Таким образом, получив возможность указывать, что он прошел стажировку в двух странах, Артур открыл приемную на Девоншир-плейс, был принят в члены Офтальмологического общества и начал ждать пациентов. Он также надеялся получать работу от светил профессии, которые часто были слишком заняты, чтобы самим заниматься определением рефракций. Некоторые считали это неблагодарной тратой времени, однако Артур полагал себя компетентным в этой области и твердо рассчитывал на наплыв работы в самом ближайшем будущем.
Приемная на Девоншир-плейс состояла из комнаты для ожидания и консультационного кабинета. Однако несколько недель спустя он уже начал пошучивать, что это просто две комнаты для ожидания и что ожиданием занимается он, Артур. Не терпя безделия, он садился за стол и писал. Теперь он поднаторел в литературной игре и обратился к одному из нынешних ее прельщений – журнальной беллетристике. Артур любил решать задачи, а задача была следующей: журналы печатали два рода прозы: либо произведения с продолжениями, которые приковывали интерес читателей из недели в неделю, из месяца в месяц, либо самостоятельные однономерные рассказы. Беда рассказов заключалась в том, что чаще они не предлагали вам материала, чтобы хорошенько вгрызться. Беда продолжений заключалась в том, что стоило пропустить номер, и вы теряли нить интриги. Приложив свой практичный ум к решению этой задачи, Артур представил себе объединение достоинств этих двух жанров: серию рассказов, каждый законченный, однако со сквозными персонажами, уже завоевавшими читательские симпатии или неодобрение.
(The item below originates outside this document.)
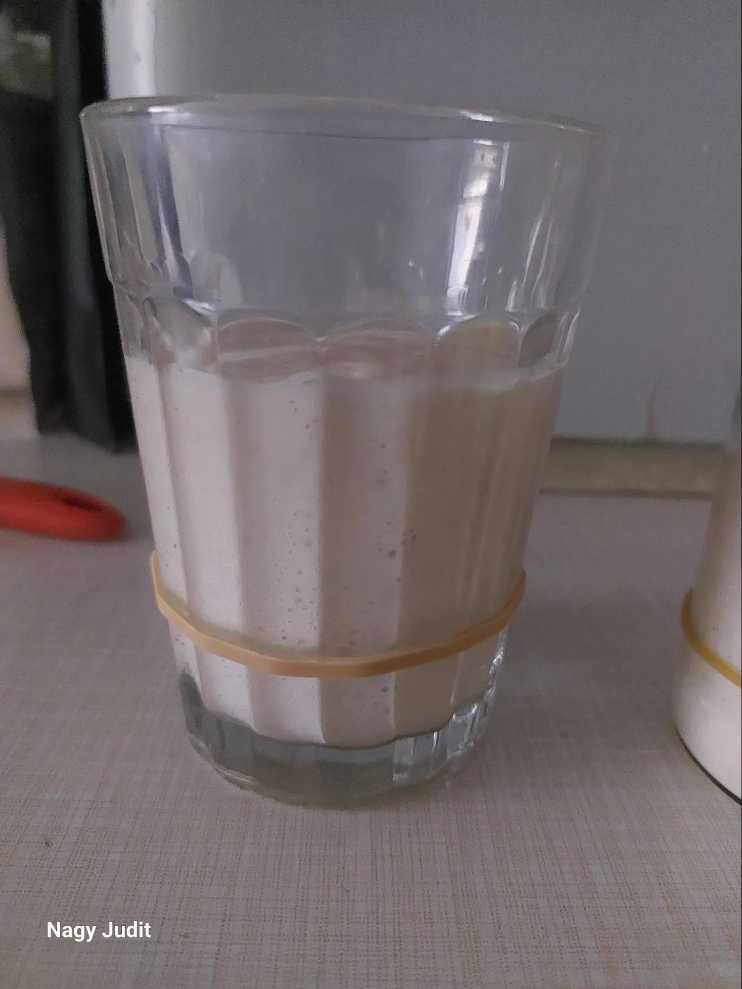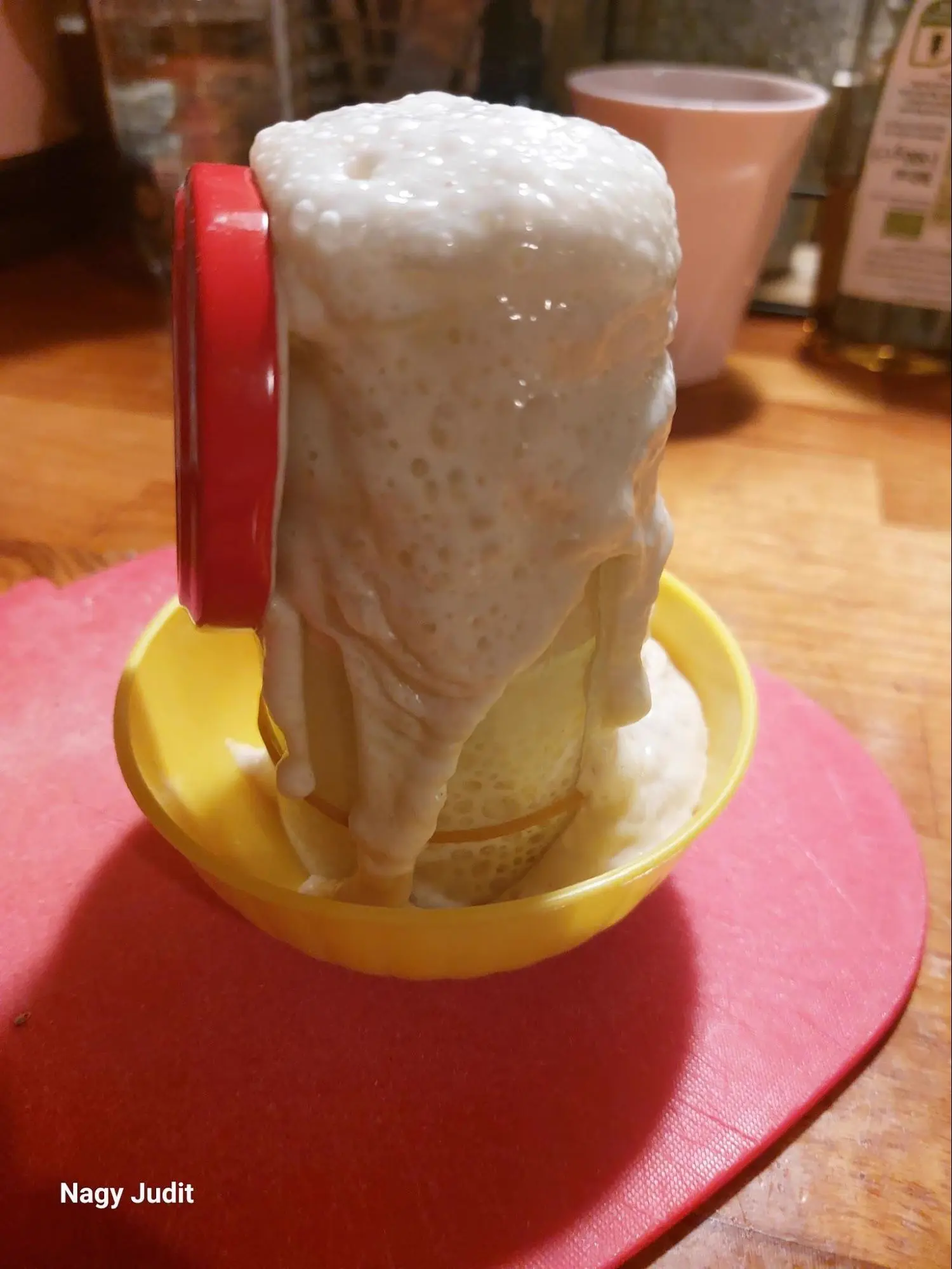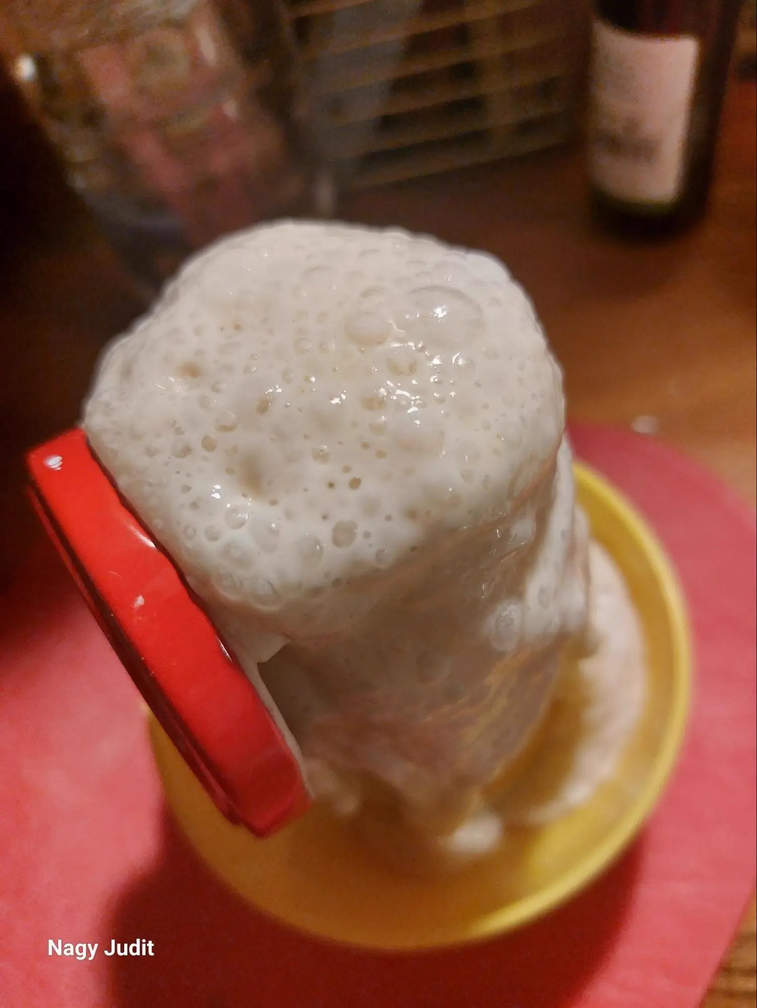 Másnap reggel a tetején már látszottak buborékok. Nőni még nem nőtt, de mivel a bubik megjelentek igy alaposan összekevertem. Aznap este már mutatott növekedést az íze finom édeskés egy enyhe kesernyés mellék ízzel. Ismét alaposan összekevertem.

Следовательно, ему необходим центральный персонаж, которому постоянно выпадают разнообразные приключения. Совершенно очевидно, тут подходят мало какие профессии. Размышляя над этой задачей на Девоншир-плейс, он начал прикидывать, а не сочинил ли он уже подходящего кандидата. Пара его не имевших успеха романов включала сыщика-консультанта, протагонистом которому послужил Джозеф Белл, хирург эдинбургской больницы: проницательнейшая наблюдательность, за которой следуют острейшие дедуктивные выводы, – вот ключ не только к медицинским диагнозам, но и криминалистическим. Своему сыщику Артур первоначально дал имя Шеридан Хоуп. Но имя это казалось не слишком подходящим, и в процессе сочинения рассказов Шеридан Хоуп изменился сначала в Шеррингфорда Холмса, а затем – неизбежно, как это представлялось впоследствии, – в Шерлока Холмса.
Джордж
Письма и мистификации продолжались: воззвание Сапурджи к совести преступников, казалось, только подстрекнуло их. Газеты теперь извещали, что дом священника – меблированные комнаты, предлагающие самые низкие цены; что это скотобойня; что оттуда по заказу можно получить бесплатные образчики дамских корсетов. Джордж якобы заделался окулистом; он, кроме того, предлагает бесплатные юридические советы и имеет лицензию заказывать билеты и гостиницы для путешественников по Индии и Дальнему Востоку. Доставляемого угля хватило бы и на броненосец; доставляются энциклопедии вместе с живыми гусями.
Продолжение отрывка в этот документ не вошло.